IOS 26 Adoption Trails Last Year’s Pace at 79% of iPhones

What You Need to Know
- IOS 26 adoption reached 79% of iPhones and 68% of iPads as of June 7, 2026.
- IOS 26 adoption trails iOS 18’s June 2025 figures of 82% iPhones and 71% iPads.
- 14% of iPhones still run iOS 18 after two full release cycles without updating.
- IPad adoption lags due to devices sitting unused, running kiosk apps, or being handed down.
79% of all active iPhones run iOS 26, according to Apple’s final adoption snapshot taken on June 7, one day before WWDC 2026 opened. That number drops to 68% for iPads, continuing a persistent gap between the two platforms that has held across multiple release cycles.

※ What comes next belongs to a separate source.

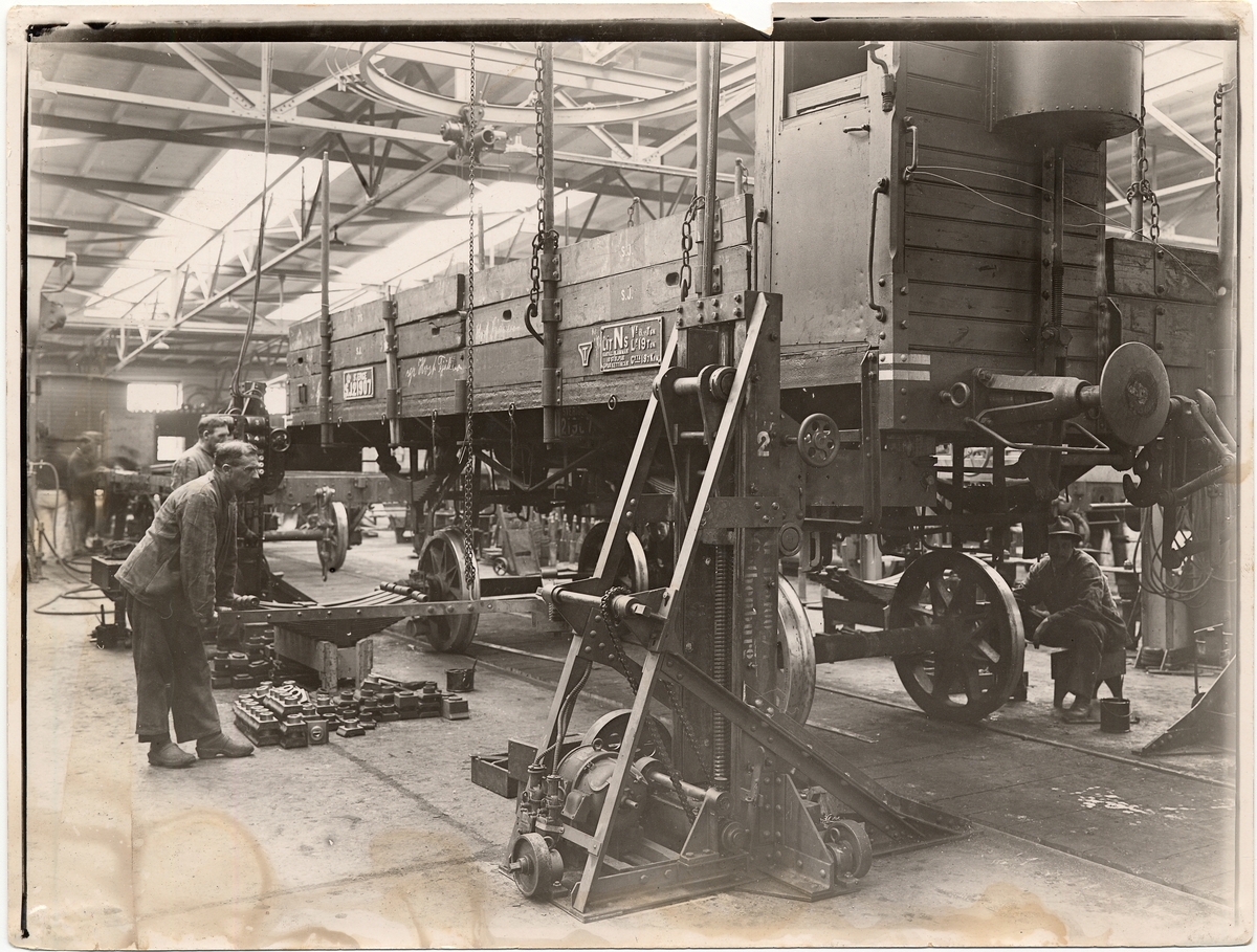 Titel: Fjädermontering i samband med axelmontering på Liljeholmens Verkstad. Vagnslyft.

The more telling comparison is with last year’s figures. iOS 18 had reached 82% of all iPhones by the equivalent measurement point in June 2025, and iPadOS 18 had hit 71%. iOS 26 trails both marks, which is a quiet reversal of the trend Apple typically likes to publicize. Whether that reflects slower uptake of a more visually disruptive redesign or simply a larger installed base of older devices is hard to say from the numbers alone.
Among iPhones introduced in the last four years, adoption climbs to 86%, which is where Apple’s framing tends to focus. Older devices pulling down the overall percentage is not new, but the 14% still running iOS 18 is a real number representing millions of users who have not moved in two full release cycles.
What This Means for iOS 27
The timing of this data release is not accidental. Apple publishes final adoption figures just as developer betas begin, partly to signal to developers which OS versions still need support. With iOS 27 beta testing now underway, developers building for the new Siri AI features will need to decide how long to maintain iOS 26 compatibility for that remaining 21% of active iPhones.
iPad’s 15% still running versions older than iPadOS 18 is the sharpest outlier in this data. Tablets tend to sit in drawers, run kiosk apps, or get handed down rather than upgraded, and that behavior shows up consistently in Apple’s own numbers year after year.